A real wellies-on, sandcastle-making, cobweb-blowing kind of a place. Certainly in the top three of places most North Easterner’s would choose for a their beachside retreat. Unspoilt and appealing


Some Balamory-style pastel-painted terraces line estuary paths and have a real old-fashioned appeal. Fair to say that Seasalt and Boden-wearing types are to be seen popping in and out at the height of summer. A real mix of properties – some quaint cottages, some grand Edwardian and Victorian family homes and some modern blocks that make you wonder at planning laws. Prices reflect the fact that this is a bit of a honeypot – or should that be lobster-pot kind of town.


The bit that makes all the difference. Right on the East Coast main line. A commute to Edinburgh or Newcastle is a one-hour reality. The A1 not that far away either. Otherwise, the ‘big city’ – Alnwick around three miles away.


  • You’re not going to get too excited about the shopping opportunities unless you’re fond of craft and galleries. This is a place with the emphasis on visitors with some time to wander and mooch.
  • The Alnmouth Grocer is local produce heaven. A 3-metre deli counter offers local cheeses, Northumbrian Organic Meat, pates, locally-baked sweet and savoury pies, cakes and puddings as well as Craster Kippers. In the Ice Cream Parlour, “Famous for all kinds of wickedness” you will find an extensive range of local flavours from Doddington Dairy and Beckleberry’s.
  • Galleries and gift shops are plentiful. In summer the Alnmouth Arts Festival is a real draw as the only Art Trail in Northumberland where you can walk easily to every venue to see local artists and craftspeople exhibiting their work.


  • But you do come for the walking. Brilliant beach walks that really promise to blow away the cobwebs. Really remote and dune-y, the skies and sea offer an ever-changing and never-repeated view. It is a place of big weather, big views and the opportunity for solitude or social walking.
  • Walk to the cross at the site of the original Saxon church of Alnmouth, built on this hill around 680. The hill was cut off from its village in 1806, by which time the church was already falling into disrepair.
  • If you like to do your walking with a tee in sight, two golf courses are available in Alnmouth; the original golf course, which had 18 holes, was formed in 1869. The course was designed and created by famous golf professional Mungo Park, making it the second oldest course in England. At a later date it was split into two courses, Alnmouth Village Golf Club, a nine-hole course adjacent to the beach and Alnmouth Golf Club, a challenging 18-hole course with panoramic views, located at nearby Foxton Hall. This links course has one hill and an outstanding view from the 7th hole.


  • Locals speak highly of the Red Lion, The place to try out steak and local ale pie, Northumberland estate venison sausage or a hearty Northumbrian beef sirloin steak.

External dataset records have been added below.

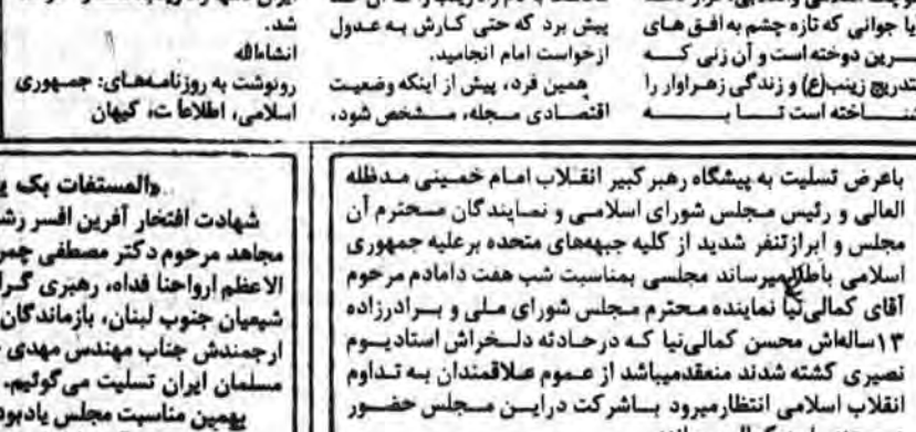
آقای سید کاظم حسینی، امام جمعه مینادوب
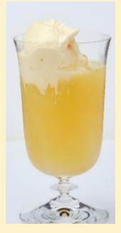
クリームシールド ¥1,870(チャージ別途)▶ (STAR BAR)
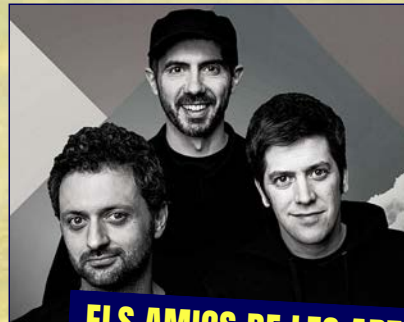
ELS AMICS DE LES ARTS
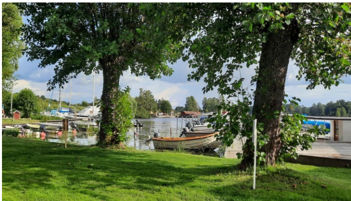
Vy över Borgåsund
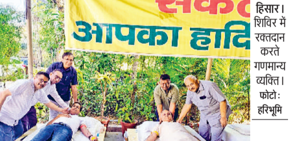
हिसार। शिविर में रक्तदान करते गणमान्य व्यक्ति।

जैन धर्म के वर्तमान शासन नायक 1008 भगवान श्री महावीर स्वामी के जन्म कल्याणक महोत्सव के उपलक्ष्य में हिसार में विभिन्न कार्यक्रमों की श्रृंखला का शुभारंभ रविवार को भव्य रक्तदान शिविर के साथ हुआ। हर वर्ष की तरह इस वर्ष भी जैन धर्म के तीनों पंथ एकजुट होकर सकल जैन समाज के बैनर तले इस पावन महोत्सव को उत्साह और एकता के साथ मना रहे हैं। महोत्सव की शुरुआत जैन औषधालय प्रांगण
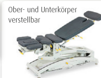
Ober- und Unterkörper verstellbar
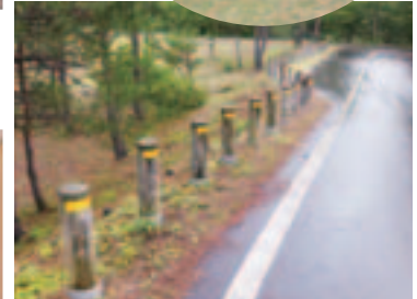
間伐材を使った工事用資材 (上:木柵、下:法面パネル)
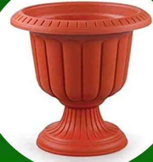
مركن زراعي مقاس 35
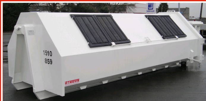
PHOTO FERMETURE A VENIR

*Photos et plans donnés à titre indicatif
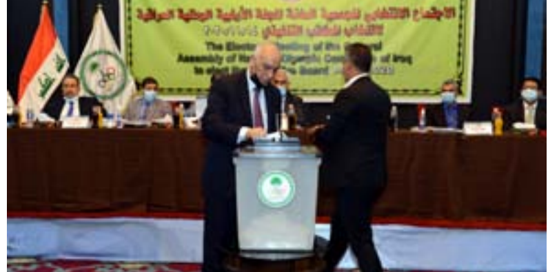
جمعية حقوق الرياضيين تدعو الى حل أزمة الأولمبية
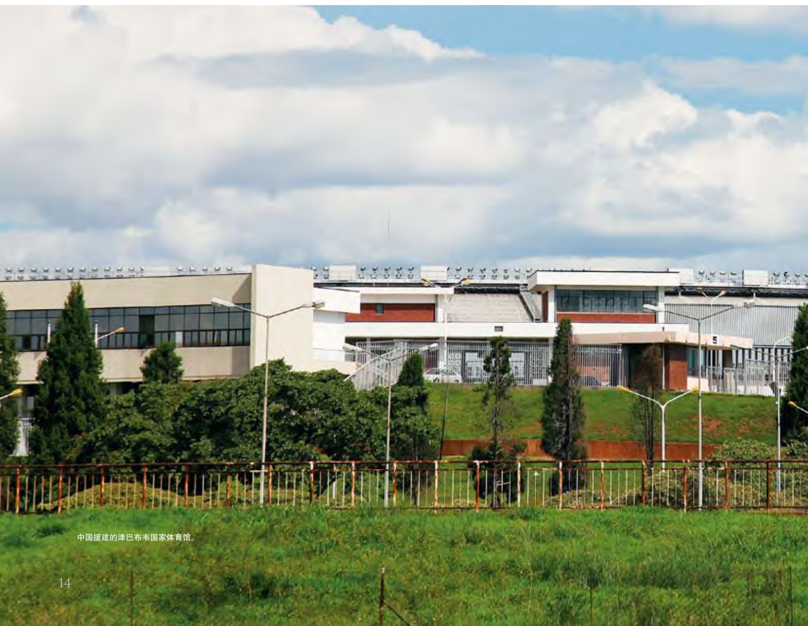
中国援建的津巴布韦国家体育馆。
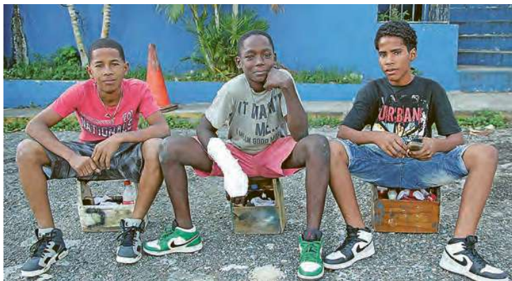
Les garçons contribuent au revenu de la famille en travaillant comme cireurs de chaussures
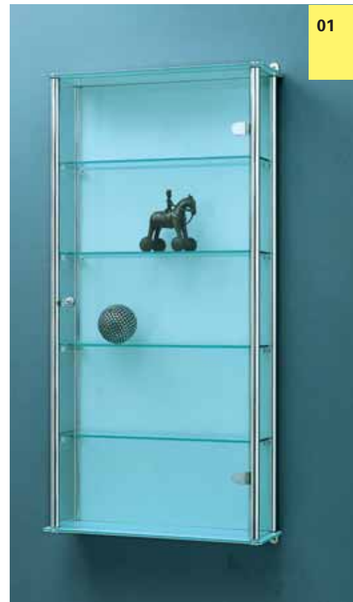
z.B. Flache Wand- vitrine, 1-türig → Profil: 25 mm, Silber Glanz.

e.g. Vitrines (1 door) Profile: 25 mm, shiny gold, shiny silver. Illumi- nated.
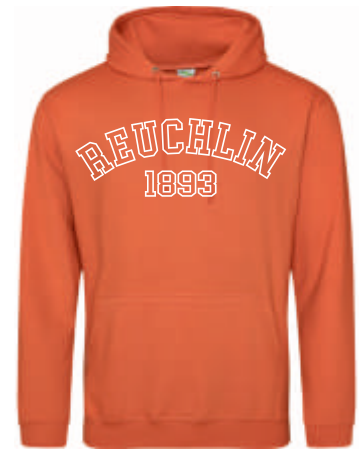
Design C 48,00 €

MEINE BESTELLNUMMER JH001 DU KANNST MICH BESTELLEN IN XS - 3XL
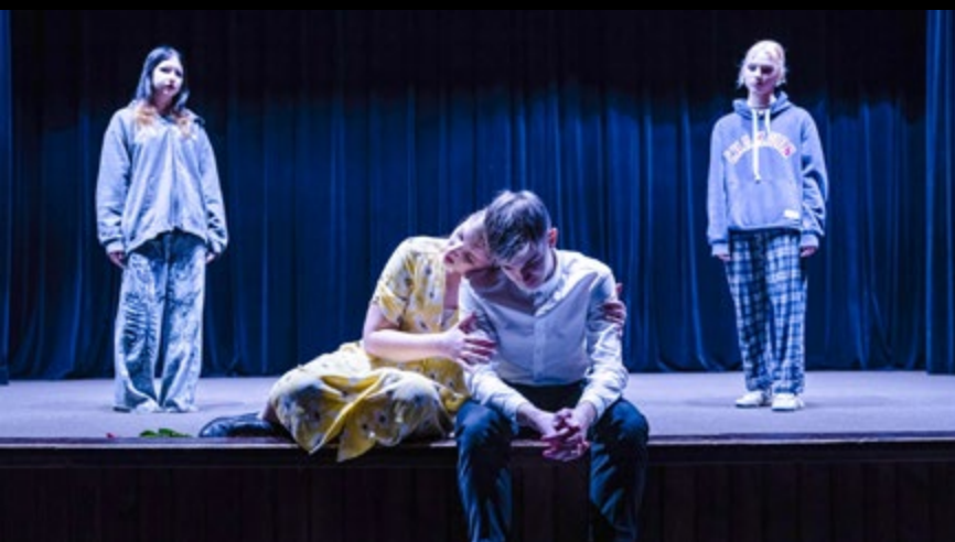
7 III PREMIERA SZTUKI TEATRU KROPKA PO PROSTU „TO SIĘ WYTNIE”

An outside seating area with great views too.
  • Plenty of stop-offs for afternoon tea and a scone and a little further afield, Blackmore’s and the Tree House in Alnwick or the very popular Ship at Low Newton with great seafood and home-brews.
  • Craster is just a few miles away with the must-try Robson smokery for arguably the best kippers in the North, sweet-juicy and flavour-packed.